Background information
- Origin: Santa Barbara, California, United States
- Genres: Punk rock; pop-punk; power pop; alternative rock;
- Years active: 1998–2011
- Labels: Cooler; Ultimatum; Artemis; Epitaph; Fearless; V2;
- Past members: Kenny Livingston; Tim Pagnotta; Airin Older; Marko DeSantis; Ben Davis;

= Sugarcult =

American rock band

Sugarcult was an American rock band from Santa Barbara, California, formed in 1998. The band consisted of Tim Pagnotta (vocals, rhythm guitar), Airin Older (bass), Marko DeSantis (lead guitar), and Kenny Livingston (drums). They are best known for their 2001 debut album Start Static, which featured the hit singles "Stuck in America", "Bouncing Off the Walls", and "Pretty Girl (The Way)". Original drummer Ben Davis left the group in 2003 to seek treatment for alcoholism and was replaced by Kenny Livingston, although Davis would rejoin the band in 2011.

==History==
===Formation (1998–99)===

The band's logo

As a child, frontman Tim Pagnotta moved around a lot, living in thirteen different homes and going to nine different schools before graduating from high school. As a result he had a hard time fitting in; as an escape, Pagnotta turned to music. In 1997, Pagnotta moved to Santa Barbara, California and eventually met ex-drummer Ben Davis during a cigarette break at Santa Barbara City College. Davis, who had recently quit his job at Denny's in Boulder, Colorado to pursue his musical career on the West Coast, and Pagnotta started to play together on a regular basis. Although Davis began playing drums when he was just 9 years old, his musical aspirations were grand. He now plays a multitude of instruments and was producing local Santa Barbara bands when the two hooked up.
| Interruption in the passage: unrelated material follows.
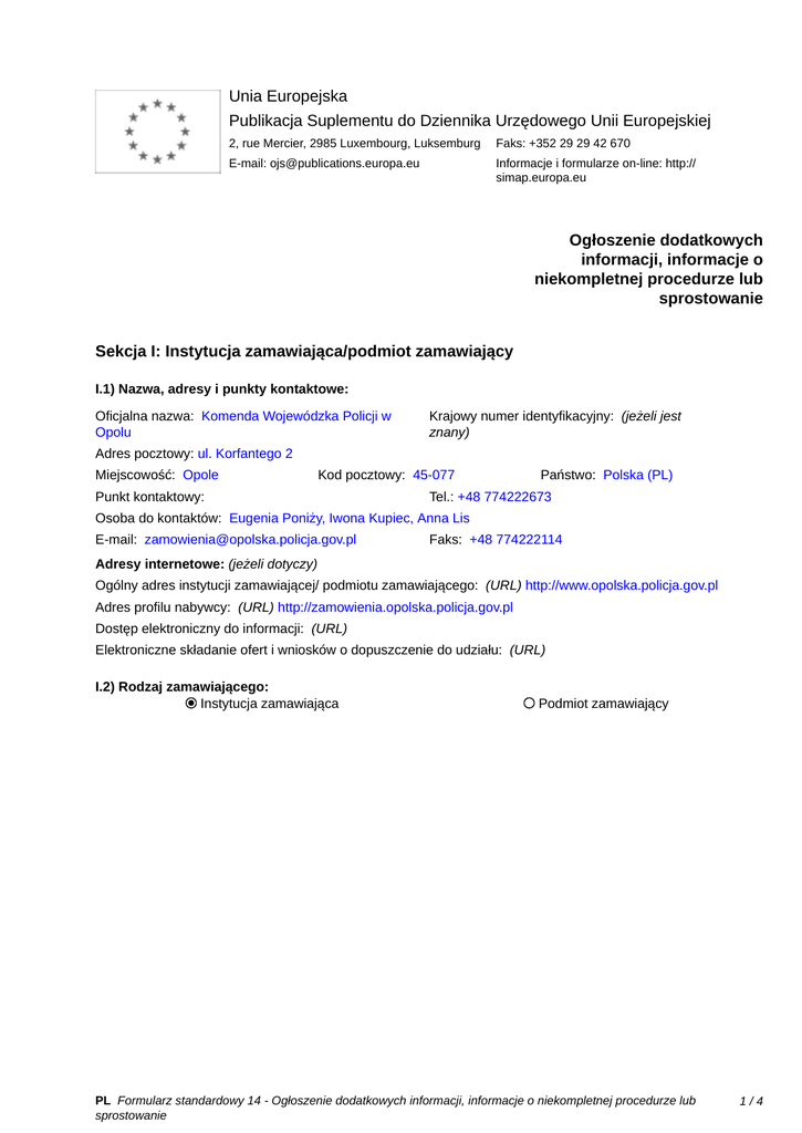Unia Europejska Publikacja Suplementu do Dziennika Urzędowego Unii Europejskiej 2, rue Mercier, 2985 Luxembourg, Luksemburg Faks: +352 29 29 42 670 E-mail: [email protected] Informacje i formularze on-line: http:// simap.europa.eu Ogłoszenie dodatkowych informacji, informacje o niekompletnej procedurze lub sprostowanie Sekcja I: Instytucja zamawiająca/podmiot zamawiający I.1) Nazwa, adresy i punkty kontaktowe: Oficjalna nazwa: Komenda Wojewódzka Policji w Opolu Krajowy numer identyfikacyjny: (jeżeli jest znany) _____ Adres pocztowy: ul. Korfantego 2 Miejscowość: Opole Kod pocztowy: 45-077 Punkt kontaktowy: _____ Państwo: Polska (PL) Tel.: +48 774222673 Osoba do kontaktów: Eugenia Poniży, Iwona Kupiec, Anna Lis E-mail: [email protected] Faks: +48 774222114 Adresy internetowe: (jeżeli dotyczy) Ogólny adres instytucji zamawiającej/ podmiotu zamawiającego: (URL) http://www.opolska.policja.gov.pl Adres profilu nabywcy: (URL) http://zamowienia.opolska.policja.gov.pl Dostęp elektroniczny do informacji: (URL) _____ Elektroniczne składanie ofert i wniosków o dopuszczenie do udziału: (URL) _____ I.2) Rodzaj zamawiającego: Instytucja zamawiająca Podmiot zamawiający PL Formularz standardowy 14 - Ogłoszenie dodatkowych informacji, informacje o niekompletnej procedurze lub sprostowanie 1/4 Sekcja II: Przedmiot zamówienia II.1.1) Nazwa nadana zamówieniu: Dostawa części i akcesoriów do pojazdów służbowych KWP w Opolu - Fiat Ducato II.1.2) Krótki opis zamówienia lub zakupu: (podano w pierwotnym ogłoszeniu) Przedmiotem zamówienia jest dostawa części zamiennych i akcesoriów do pojazdów służbowych eksploatowanych przez Komendę Wojewódzką Policji w Opolu, w ilości i asortymencie wskazanym w opisie przedmiotu zamówienia, stanowiącym załącznik do specyfikacji istotnych warunków zamówienia. Przedmiot zamówienia będzie zamawiany partiami, które w treści umowy określane są jako „jednorazowe zamówienie”, w zależności od aktualnych potrzeb zamawiającego. Wielkość „jednorazowego zamówienia” zostanie każdorazowo uzgodniona poprzez pisemne zgłoszenie w terminie do 3 dni przed odbiorem licząc od chwili zgłoszenia. Odbiór przedmiotu zamówienia dokonywany będzie sukcesywnie partiami transportem własnym zamawiającego ze wskazanego przez wykonawcę punktu znajdującego się w granicach administracyjnych miasta Opola lub wykonawca dostarczy zamówione części do trzech dni od zgłoszenia przesłanego faksem na numer wykonawcy, przez zamawiającego na adres Wydziału Transportu Komendy Wojewódzkiej Policji w Opolu, ul. Oleska 95, 45-232 Opole. Zamawiający dopuszcza składanie ofert równoważnych przy zachowaniu warunku równoważności w ramach pojęć niżej określonych odpowiednio: I. Pod pojęciem „części zamienne oryginalne” należy rozumieć produkty o tej samej jakości co komponenty stosowane do montażu przez producenta pojazdu samochodowego, produkowane zgodnie ze specyfikacjami i standardami produkcyjnymi ustalonymi przez producenta tych pojazdów do produkcji komponentów lub części zamiennych danego pojazdu samochodowego, w tym części zamienne produkowane na tej samej linii produkcyjnej co komponenty danego pojazdu samochodowego, jeżeli producent tych części zamiennych lub podmiot upoważniony do kontroli jakości zaświadcza, że zostały one wyprodukowane zgodnie ze specyfikacjami i standardami produkcyjnymi ustalonymi przez producenta danych pojazdów i są one tej samej jakości co części stosowane do montażu tych pojazdów. II. Pod pojęciem „części zamienne o porównywalnej jakości” należy rozumieć produkty, których producent zaświadcza, że są one tej samej jakości co komponenty, które są lub były stosowane do montażu danych pojazdów samochodowych. Wskazane w opisie przedmiotu zamówienia numery katalogowe służą wyłącznie do doprecyzowania określenia asortymentu przedmiotu zamówienia. Zamawiający nie wymaga dostawy wyłącznie produktów opisanych wskazanym numerem katalogowym, jeżeli dostarczone produkty odpowiednio spełniają wymienione warunki równoważności funkcjonalnej jak opisane wskazanym numerem katalogowym. Wyłoniony w toku postępowania o udzielenie zamówienia publicznego wykonawca, na żądanie zamawiającego, ma obowiązek przedłożyć zaświadczenie potwierdzające odpowiednio oryginalność albo porównywalną jakość produktów w ramach ww. warunków równoważności. Wykazanie równoważności przedmiotu zamówienia (zgodnie z art. 30 ust.5 Ustawy Pzp) spoczywa na wykonawcy II.1.3) Wspólny Słownik Zamówień (CPV) Główny przedmiot Dodatkowe przedmioty Słownik główny 34300000 34322000 42913000 31432000 Słownik uzupełniający (jeżeli dotyczy) PL Formularz standardowy 14 - Ogłoszenie dodatkowych informacji, informacje o niekompletnej procedurze lub sprostowanie 2/4 Sekcja IV: Procedura IV.1)Rodzaj procedury (podano w pierwotnym ogłoszeniu) Otwarta Ograniczona Ograniczona przyspieszona Negocjacyjna Negocjacyjna przyspieszona Dialog konkurencyjny Negocjacyjna z uprzednim ogłoszeniem Negocjacyjna bez uprzedniego ogłoszenia Negocjacyjna z publikacją ogłoszenia o zamówieniu Negocjacyjna bez publikacji ogłoszenia o zamówieniu Udzielenie zamówienia bez uprzedniej publikacji ogłoszenia o zamówieniu w Dzienniku Urzędowym Unii Europejskiej IV.2)Informacje administracyjne IV.2.1)Numer referencyjny: (podano w pierwotnym ogłoszeniu) WS-Z.2380.22.1449.2014” IV.2.2)Dane referencyjne ogłoszenia w przypadku ogłoszeń przesłanych drogą elektroniczną: Pierwotne ogłoszenie przesłane przez eNotices TED eSender Login: ENOTICES_KWP-Opole Dane referencyjne ogłoszenia: 2014-073809 rok i numer dokumentu IV.2.3)Ogłoszenie, którego dotyczy niniejsza publikacja: Numer ogłoszenia w Dz.U.: 2014/S 109-191837 z dnia: 07/06/2014 (dd/mm/rrrr) IV.2.4)Data wysłania pierwotnego ogłoszenia: 05/06/2014 (dd/mm/rrrr) PL Formularz standardowy 14 - Ogłoszenie dod

Pagnotta met Airin Older in a music class where Pagnotta was copying Older's work. They became good friends and Pagnotta invited Older to join his band. Davis moved to the position of drummer and Older filled in for Davis on bass. Marko DeSantis was added into the band after meeting Pagnotta backstage at a Superdrag concert. The name "Sugarcult" was originally the name of seven lesbians that lived across the hall from Pagnotta in Santa Barbara City College; the song Debbie was written about the leader of the group when he has a crush on her.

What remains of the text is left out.